Transformers are applicable in symbolic and raw audio domains with convincing results, offering flexibility for researchers to pursue their research interests. Also, the literature shows transformers have broad functionalities and involve specific components and mechanisms makes them worth exploring individually.
These components can be fine tuned and altered to match the needs of a given task. For example, [41, 43] use a modification known as relative attention, which modifies the attention coefficients based one how far apart two tokens are. There is also the transformer-XL modification used by [24]. This modification adds a recurrence mechanism to hidden states within the Transformer, and has been shown to increase performance [17]. Others, such as [21] used sparse transformers. Sparse transformers introduce sparsity to the attention heads of the transformer, reducing \(O(n^2)\) time and memory costs to \(O(n\sqrt{n})\) [13].
4.3 Datasets
A variety of both symbolic and raw audio datasets have were used by transformer papers. We observe that certain datasets work best with transformers in capturing complex and long-range dependencies within music sequences:
The LakhMIDI dataset, the largest dataset of symbolic data available, has great potential due to its large training size and MIDI-audio pairings, and was the most popular among transformer papers we surveyed, with five different papers using it. In [26, 34, 78], the authors use LakhMIDI to derive token sequences from MIDI files to create multitrack music transformer models. In [94], a multi-track pianoroll dataset derived from LakhMIDI is used for a transformer as well. [24] maps LakhMIDI tracks onto instrumentation playable by the NES, and then uses a transformer to generate NES versions of songs.

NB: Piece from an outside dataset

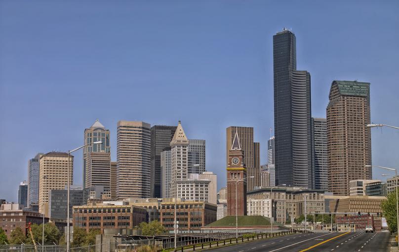 Keywords: seattle washington city cities urban skyscrapers buildings skyline hdr outside architecture sky clouds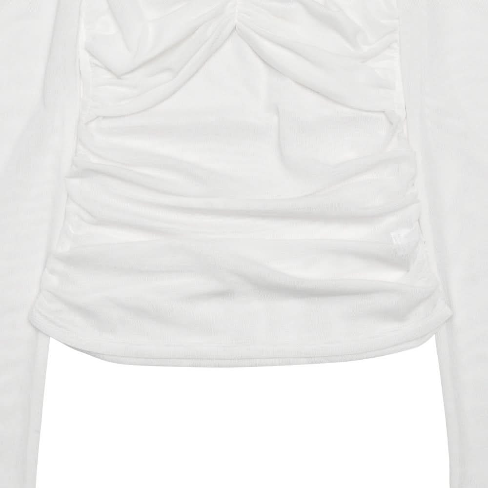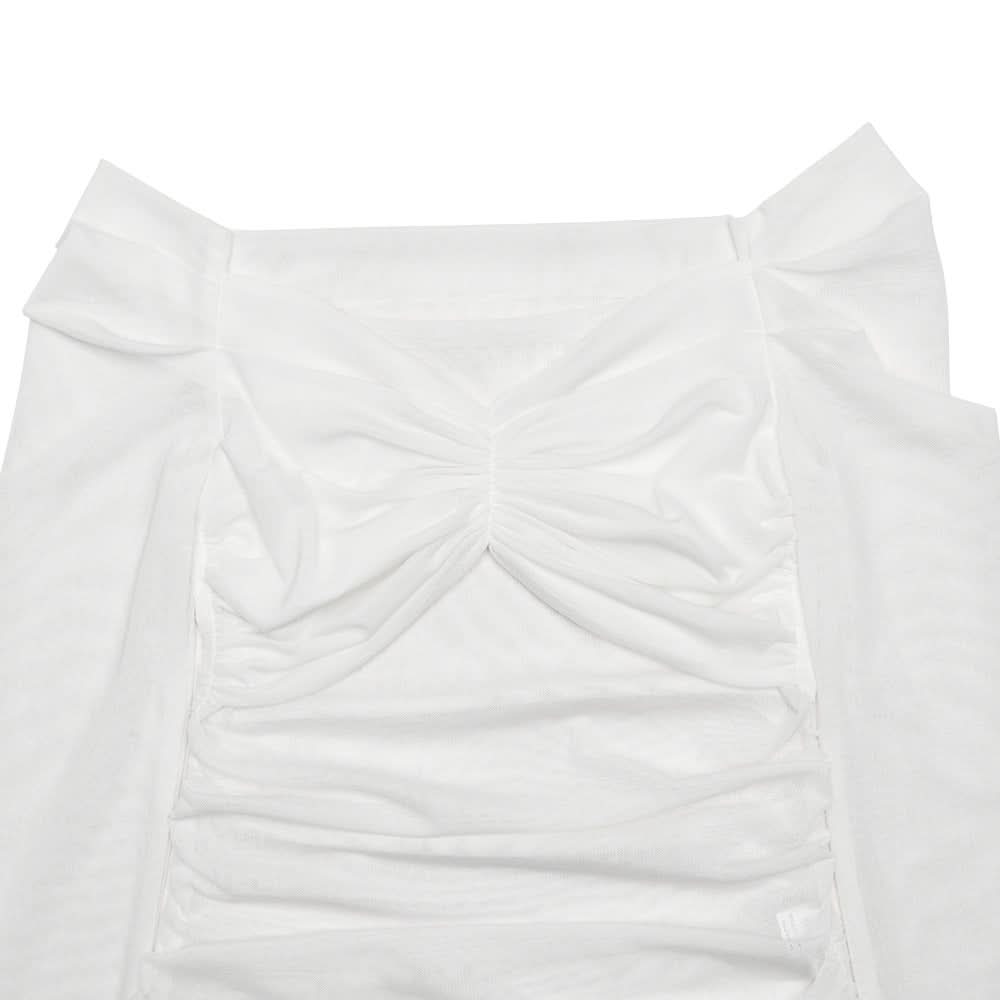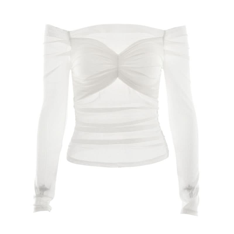 Long sleeve off shoulder mesh patchwork ruched mesh top

Similar in size and function is the MAESTRO dataset, which is used by the transformer models of [41, 67], and is the second most popular dataset among transformer papers. The MAESTRO dataset contains over 200 h of piano performances, stored in both raw audio and MIDI formats. The MIDI-audio pairings enables music information to be retrieved from the MIDI files and be used as annotations for the matched audio files. Every file is labeled, allowing for easy supervised training.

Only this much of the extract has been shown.